The New York thing is easy: It wasn't to my taste, but New Yorkers tended to like it the way it was. Like Egypt holding a Christian New Year celebration at the pyramids, New York under Giuliani is playing to the tourists. That may be good strategy for an economy losing manufacturing jobs (a strategy honed for decades by New Orleans), but that's a fickle crowd to keep happy. I say just give up and put a giant casino in the middle of it. Like New Orleans.

I'm handling the Peanuts thing so well. Mainly because, as with Capra, I never saw the dark side, only the Met Life commercials side. Frankly, I cross people off my list who say It's a Wonderful Life is their favorite movie.

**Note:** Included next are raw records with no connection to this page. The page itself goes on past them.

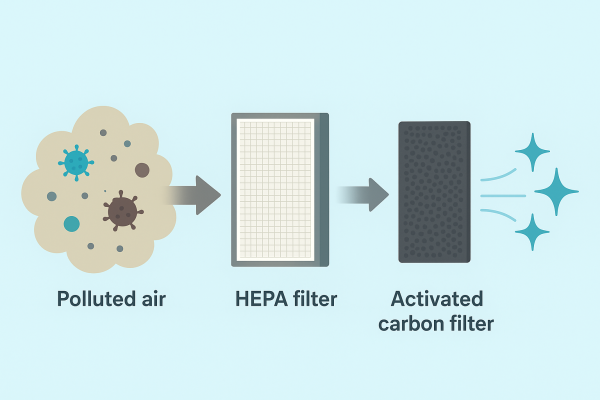 Không khí sau khi hút ẩm sẽ đi qua bộ lọc kép gồm màng HEPA và màng than hoạt tính: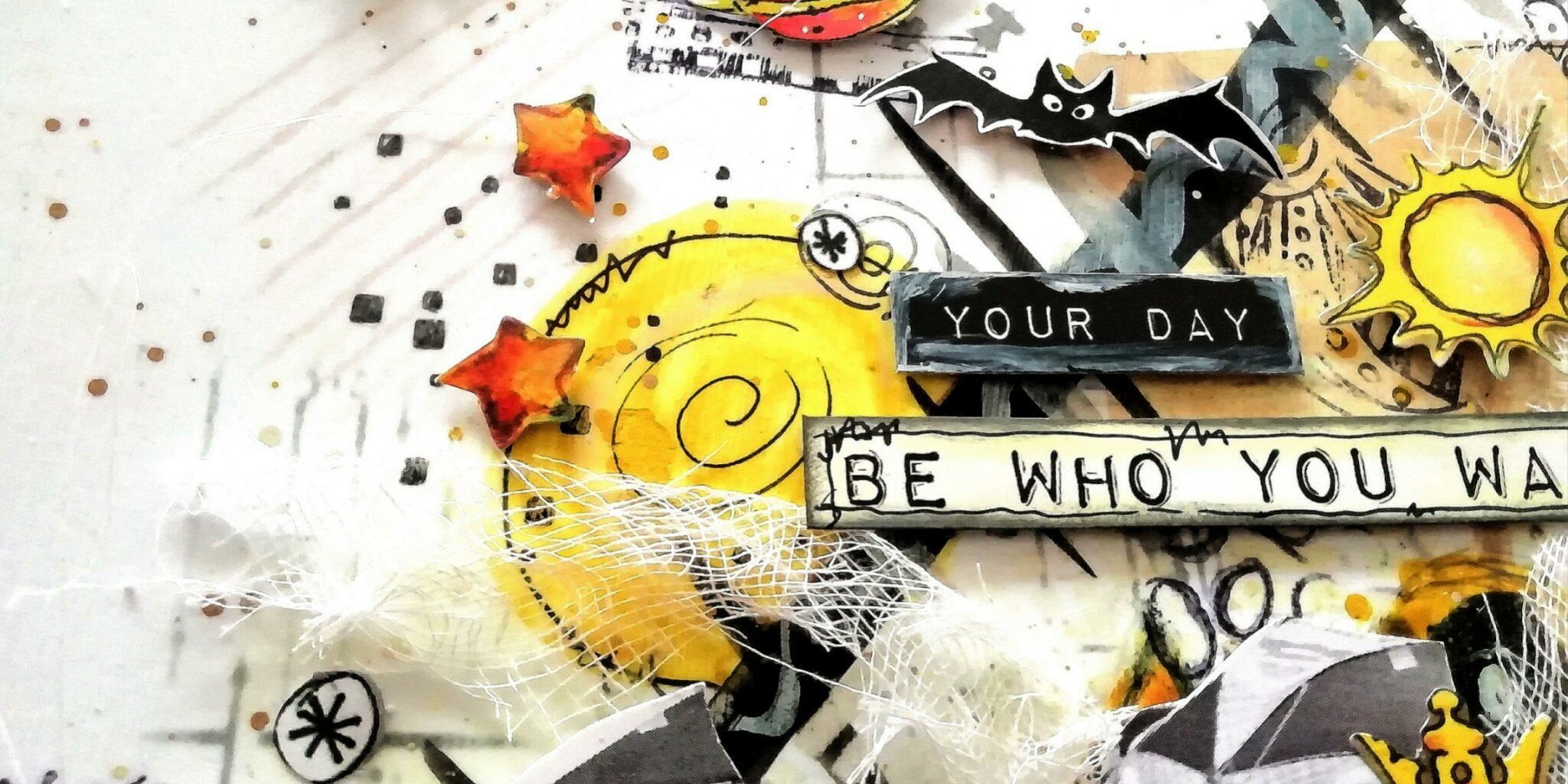 Megpróbálom felsorolni mi minden került az oldalra. Először is gézt tépkedtem meg és felragasztottam Magic ragasztóval. Sörkartonnal elemelve felkerült a Air Mail kollekció egy sárgás-barnás papírjából kivágott dombocska, melyre jó sokat bélyegeztem. Felragasztottam a fotókat. Majd a vízfestékkel befestett Just Chillin házikók és a ketté vágott Wonderland kör alakú sakktábla chipboard is megtalálta a végleges helyét. Hocus Pocus 6×8″-es kollekciójából kivágott állatkákkal és az Art by Marlene 3.0 des.4. kivágóív szettjéből válogattam még. Felkerültek a Soulmate matrica 01 ívről a feliratok is. Egy kis bélyegzés fekete tintával. Végül pedig a gel mediummal felragasztott Finnabair Art Stones, Mini Art Stones golyócskák.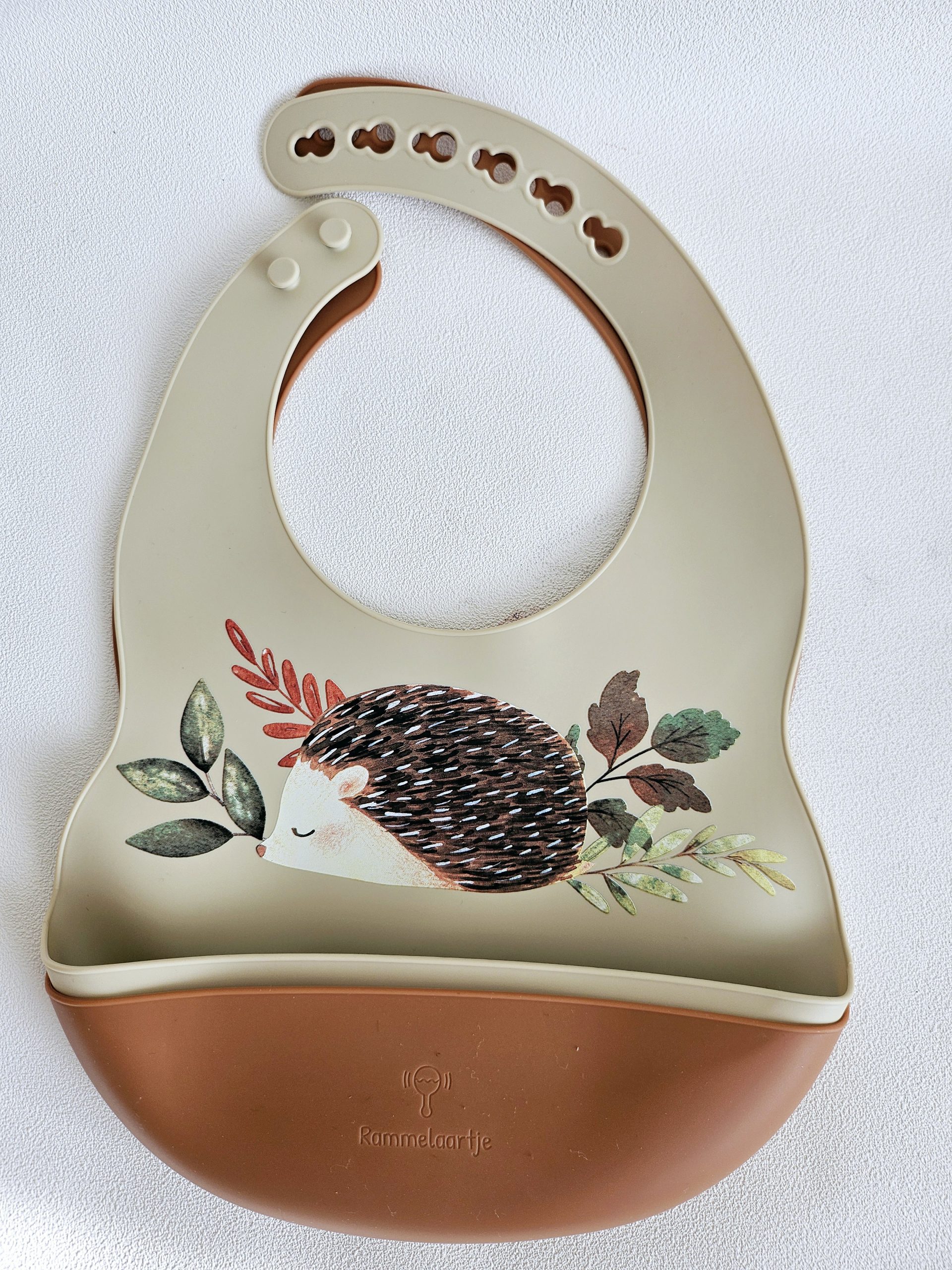 • 2 bavoirs ajustables (1 coloris rouille, 1 motif hérisson)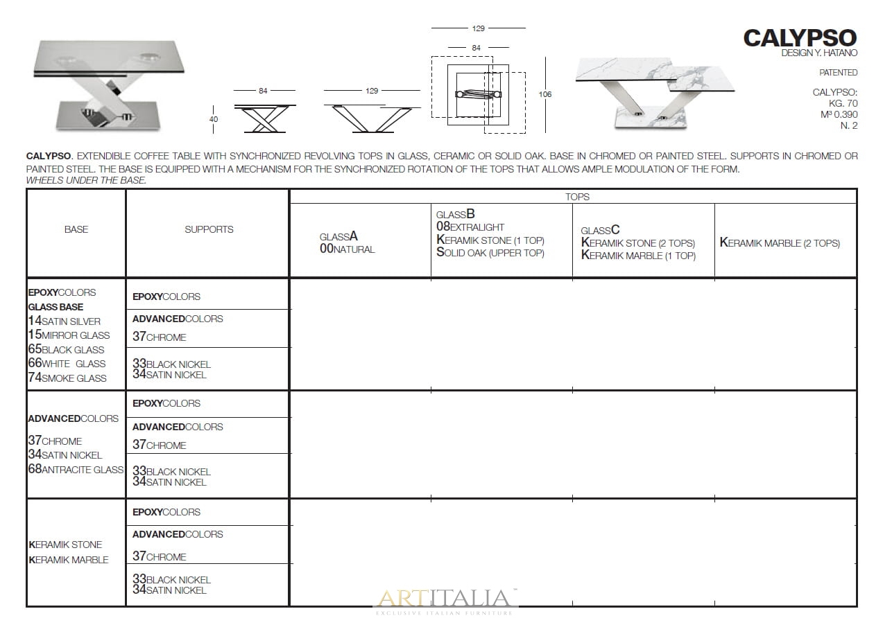 Kolekcja włoskich nowoczesnych stolików kawowych NAOS model Calypso

The Staples Center scandal is remarkable precisely because, in defense of the Times' behavior, so many other egregious examples of editorial-advertiser coziness surface. I do think it stinks that newspapers own teams that their sports pages have to "cover," or that even the most distinguished papers hold conferences, seminars, and festivals that then tend to get "covered" more than events sponsored by others. It's a practice indistinguishable except in degree from TV newscasts' doing "stories" that just "happen" to tie in to the movies that preceded them. Don't get me started.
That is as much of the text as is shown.